Cars now come in more shapes and styles than ever. Two door coupe, traditional sedan, station wagon, crossover, small SUV, full-size SUV, minivan, pickup truck, sports car… To make choice even harder, manufacturers are going after small niches that were not even thought of twenty years ago, like VW and its Passat CC which is a coupe-looking sedan version of the Passat sedan.
As mind-numbing as these all are, doing your homework first in assessing your needs will help you narrow down the style of vehicle you should go for. To keep the same example mentioned earlier, you wont go for a low-headroom swoopy sedan-coupe like the Passat CC if you often need to carry adult-sized rear passengers, but it makes sense if you only occasionally have someone on these rear seats and style is important to you.
The mechanical aspect
There are a few questions you need to ask yourself that will influence what type of running gear you need to look for.
Do you spend most of your time in the city or on the highway? If you are a city driver, then a smaller car will allow better parking and maneuverability and a font-wheel drive or all-wheel drive car will help you get out of snow covered parking lots; if you are always on the highway, then you will want a larger car for comfort and stability and all-wheel drive is less of a need.
Interested in SUV’s? Read about the best SUV/CUV’s of 2015 below:
Do you go off the beaten path often? Never? Then don’t bother with all-wheel drive. If you do occasionally, then a vehicle with decent ground clearance and a good all-wheel drive system will work well.

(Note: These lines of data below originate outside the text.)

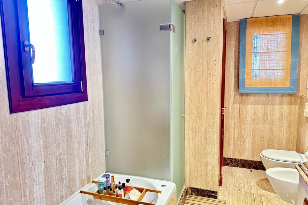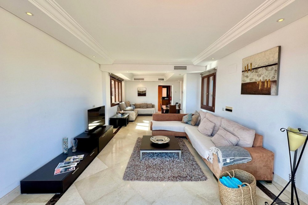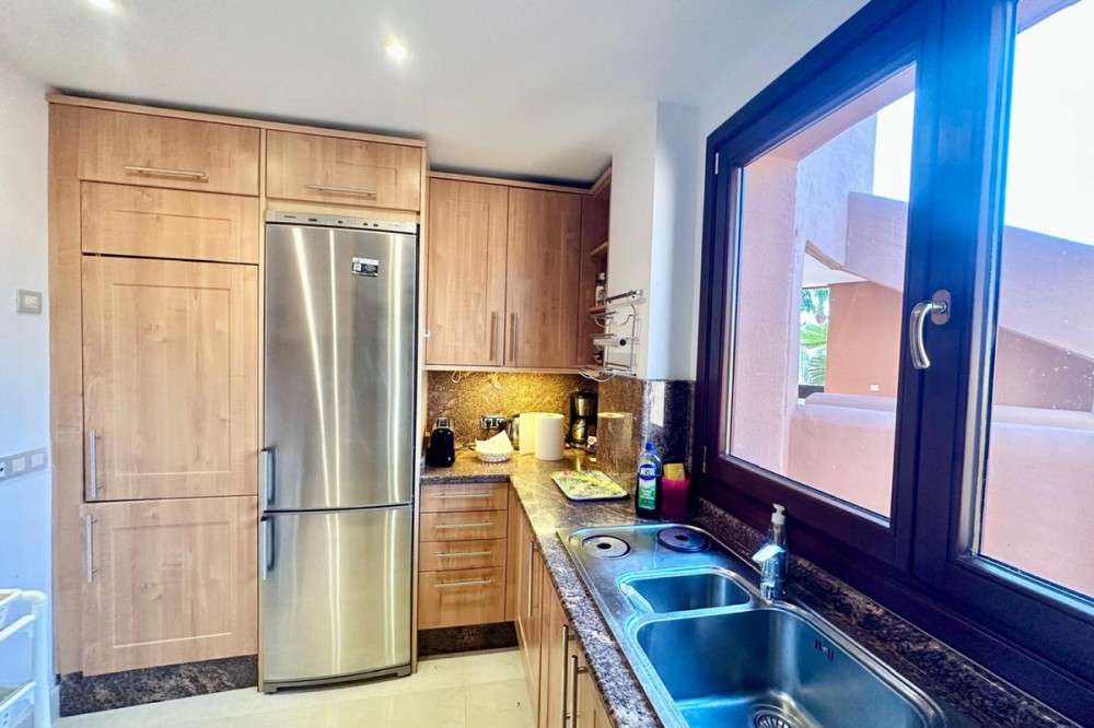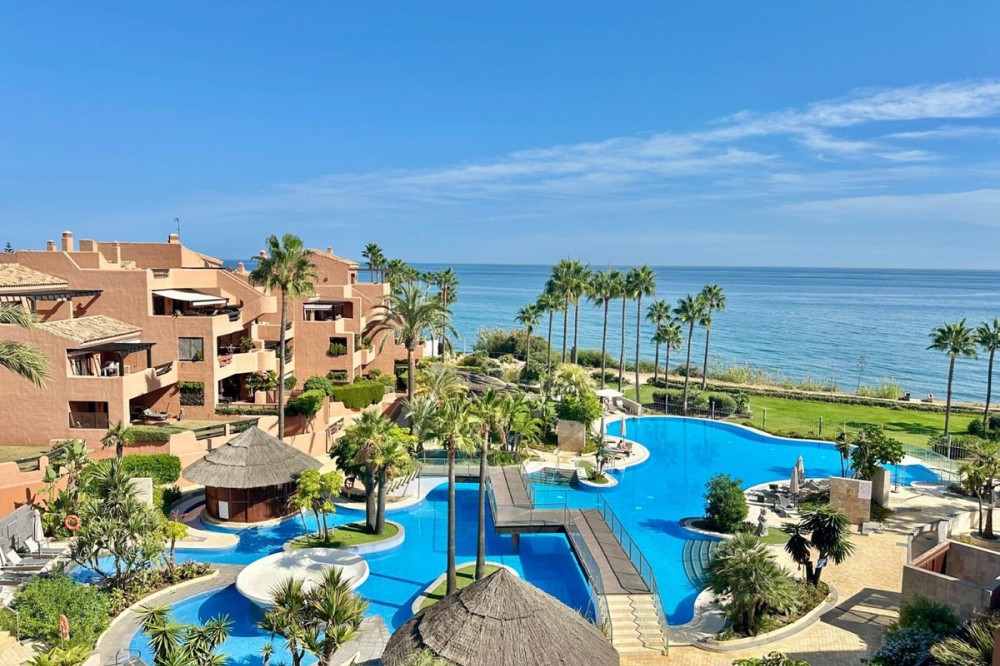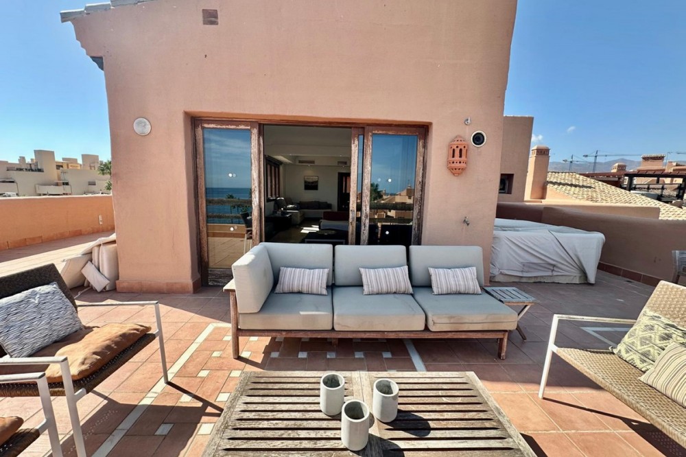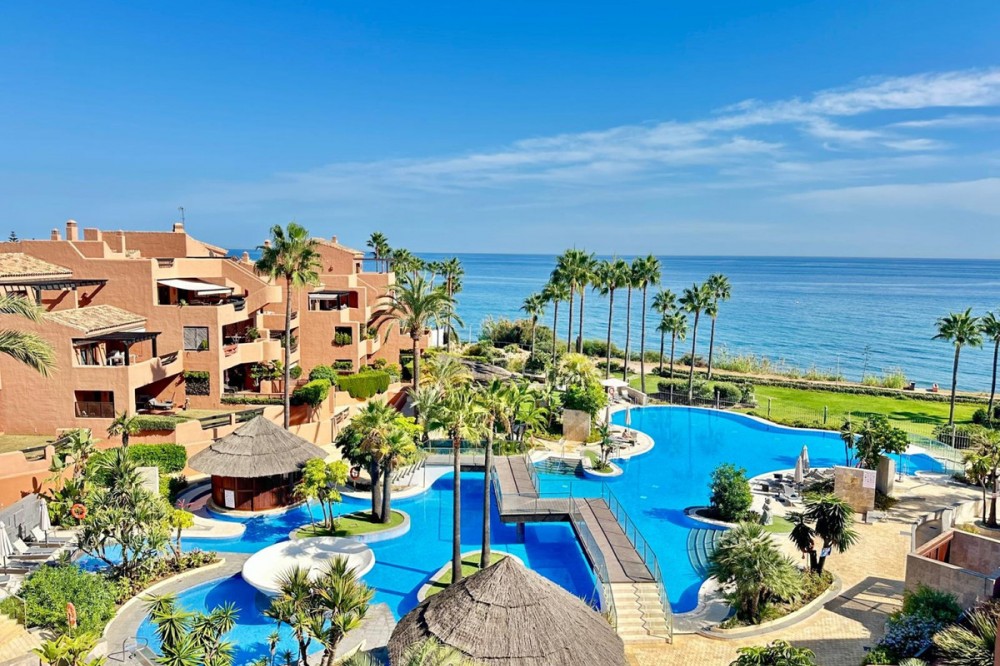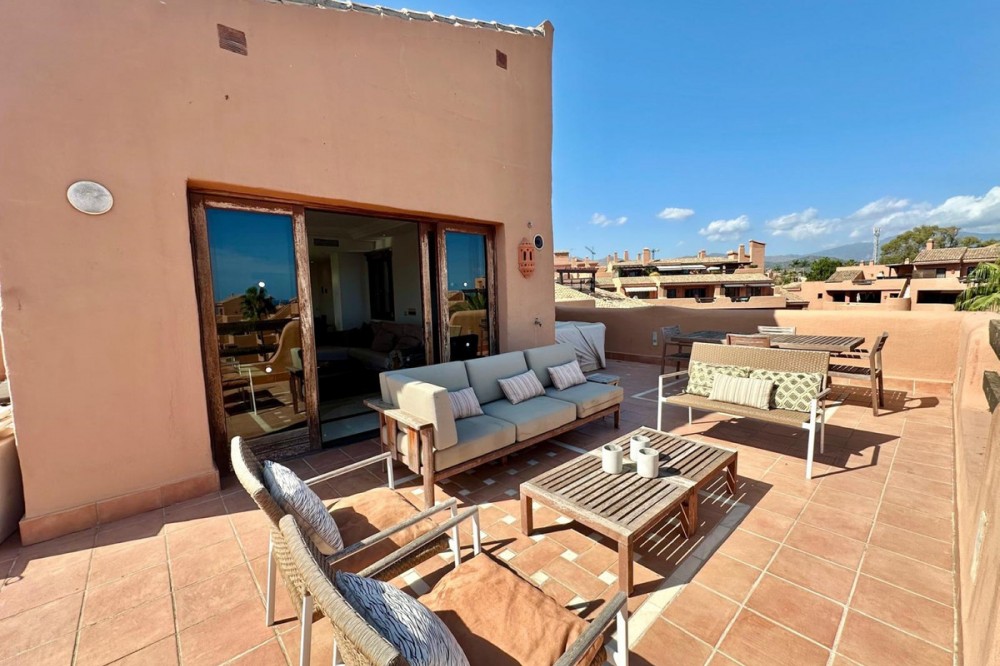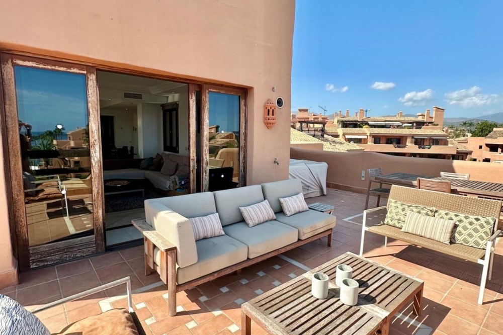 - Presenting a sophisticated penthouse situated in the exclusive Mar Azul development, East of Estepona town. This 1 bedroom, 1 bathroom property spans 80m² of meticulously maintained living space, complemented by an expansive 100m² private terrace with panoramic views to the sea and surroundings. Ideally positioned on the front line of the beach, the residence enjoys stunning panoramic, sea, garden, and pool views, offering a rare opportunity to embrace the quintessential Costa del Sol lifestyle. The penthouse is offered fully furnished and features a fully fitted and equipped kitchen, marble floors, and a spacious living and dining area that seamlessly connects to the terrace. Modern comforts include air conditioning, underfloor heating in the bathrooms, double glazing, and security shutters, ensuring a pleasant living environment year-round. There is a garage space and store room included. Residents of Mar Azul enjoy access to a wealth of communal facilities, including a heated indoor pool, gym, beautifully landscaped gardens, and a solarium. Security is paramount, with a gated community, 24-hour security service, surveillance cameras, video entrance, and a doorman. The building is equipped with a lift, and a private garage space is included, alongside ample visitor parking. The property is maintained in excellent condition, with a dedicated 24-hour service available for residents. The location is second to none, with amenities, transport links, shops, schools, restaurants, and leisure facilities all within easy reach. Golf courses, playgrounds, and the vibrant hubs of Puerto Banús, Marbella Centre, and Estepona Centre are nearby, making this penthouse an exceptional choice for those seeking a refined beachfront residence with unparalleled convenience and comfort.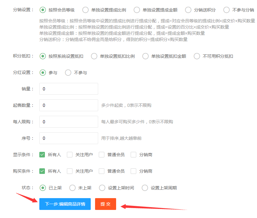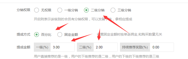 然后下面是設(shè)置分銷的提成比例,統(tǒng)一設(shè)置,也可以每個產(chǎn)品里面單獨(dú)設(shè)置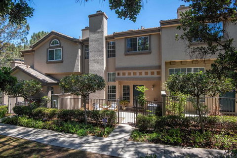 Welcome to 12507 El Camino Real Unit C, a charming three-bedroom townhome nestled in the vibrant heart of Carmel Valley. This residence is perfectly positioned within walking distance to One Paseo and Del Mar Highlands, where a variety of shops, eateries, and nightlife options await. As you step inside, you’re greeted by a spacious, open-plan layout that boasts vaulted ceilings and ample natural light streaming through large windows, creating a bright and airy ambiance. The central living area features a cozy fireplace, perfect for relaxing evenings. The kitchen is efficiently designed for everyday use, featuring a peninsula island with barstool seating, ideal for morning coffee or chatting with friends while you cook. The dining area opens to both the kitchen and living areas and extends onto a large deck. Practical amenities such as a two-car garage, new carpeting, and freshly painted walls ensure this home is move-in ready. Additionally, the front patio offers a tranquil space to unwind, leading to a neatly kept yard maintained by the homeowners’ association. This townhome is not just a place to live but a gateway to a coastal lifestyle of convenience and leisure in one of Carmel Valley’s most sought-after neighborhoods.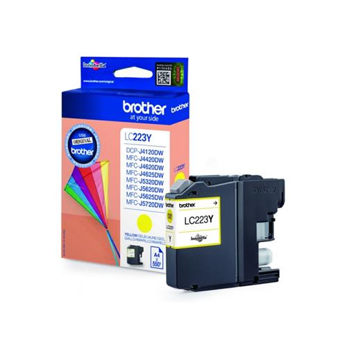 Cartuccia inkjet LC-223 Brother giallo LC-223Y. Durata 550 pagine - Adatto per Brother DCP-J4120DW, DCP-J562DW, MFC-J440DW, MFC-J4420DW, MFC-J4620DW, MFC-J4625DW, MFC-J480DW, MFC-J5320DW, MFC-J5620DW, MFC-J5625DW, MFC-J5720DW, MFC-J680DW, MFC-J880DW.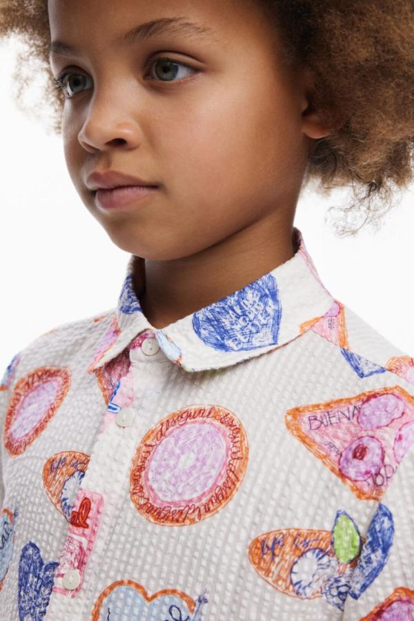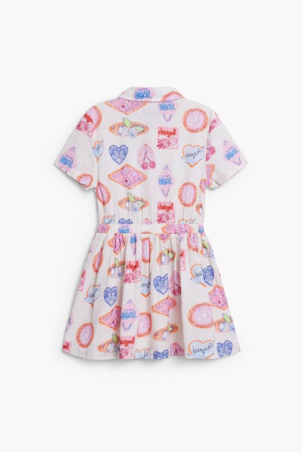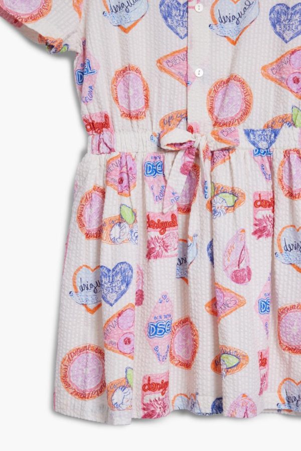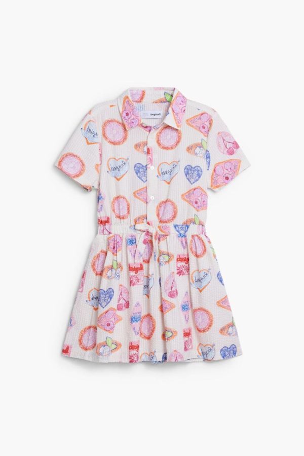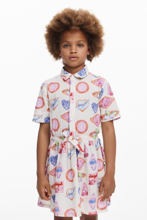 Textured short-sleeve shirt dress with a flared skirt, waist tie detail, and colorful stamp print.
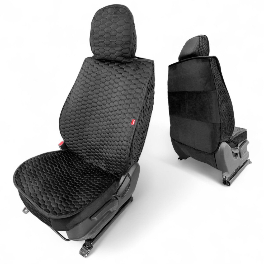 Комплект накидок на весь салон, ткань Велюр с вставками из ЭкоКожи, рисунок сота, спинка из Экокожи, закрытые бока-гармошка велюр, цвет черный, строчка черная, кант черный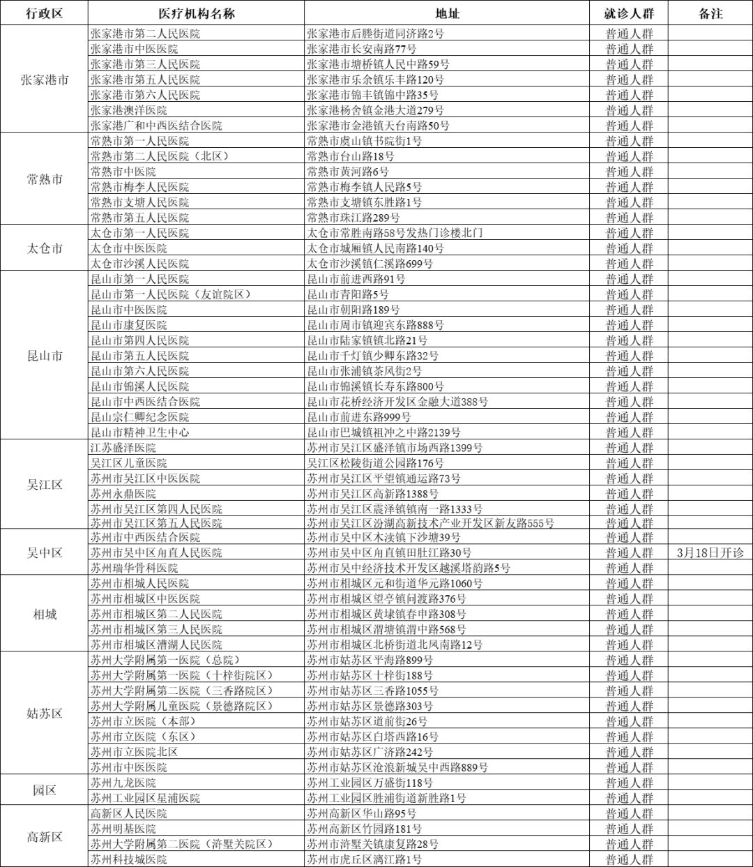 苏州市开设发热门诊的医疗机构名单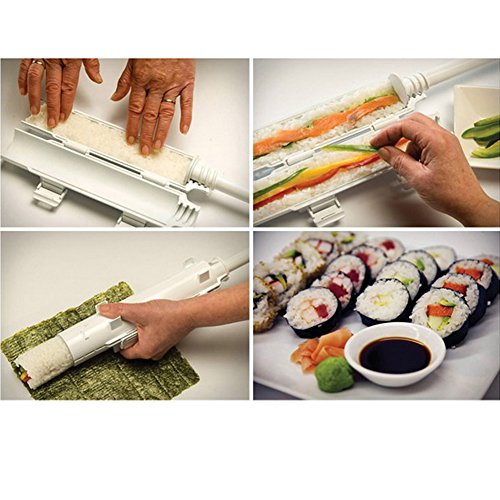 Perfect sushi is no longer an expensive restaurant food. You will save quite a bit of money because you now don't have to go out for sushi. The Sushi Bazooka is the fastest and easiest way to make restaurant quality sushi at home. Using your own choice of imaginative fillings will make you a sushi expert. The main advantages: 1.Easy to use 2.Dishwasher-safe ,easy to clean 3.Rolls are ejected easily 4.Add the ingredients you like 5.Bright color design 6.Fun to use TIPS: 1.Keep your hands wet, you will not have rice in every possible exposed orifice. 2.It is better that packing the rice against the sides tight. 3.It recommend that coating the inside with a little sesame or vegetable oil . 4.Our product also comes with instruction manual. 0 |

If you are often off-roading, then a proper four-wheel drive vehicle will be needed.
Who do I carry?
As important as this question is, it is often the most overlooked aspect of deciding which car to go for.
It is very important to consider rear passenger legroom if you are going to carry toddlers or newborn babies. This may seem counter-intuitive as they are very short, but the rear-facing seats they need to be strapped-in can be very cumbersome. For example, the six-foot tall man I am can’t sit in the front passenger seat if I carry our youngest daughter in her rear-facing car seat in my 2004 Volvo S60 as the seat needs to be brought forward to allow enough space for the baby seat; this causes no problem whatsoever in our family wagon, a 2004 Volvo V70, which seems to be the same as the S60, but has a longer wheelbase and offers more rear seat legroom.
Another consideration is if you or passengers you often carry are elderly or have mobility issues. You may find a regular sedan to be too low and be hard to sit in or get out of; crossovers and small SUVs are great for that as they often offer a seating position that is closer to waistline and do not require one to climb in the car or drop into it.
If you have a family and often run around to various practices or take short trips with extra kids, ask yourself if a vehicle with an extra set of seats, to be used occasionally, may not be needed?
What else do I carry?
People are important, but it is just as important to consider what needs to be carried regularly in the vehicle. Are you packing the car with luggage on a very regular basis to head out to the cottage? Then make sure the cargo area can swallow all this activity gear… If it is only once or twice a year, then a rooftop cargo box can do the trick. Do you spend your winters going to the ski hills once or twice a week? Then you may want to make sure you next car has a ski pass-through allowing you to place the skis inside the car and still have use of those rear seats. If you are a DIY type of person, then a cargo area with a hatch, like a station wagon or an SUV, will allow easier loading at the lumber yard or at the garage sale.
Put some thought into what your needs are and it will help ensure you make the right choice when it comes time to decide which car you need next.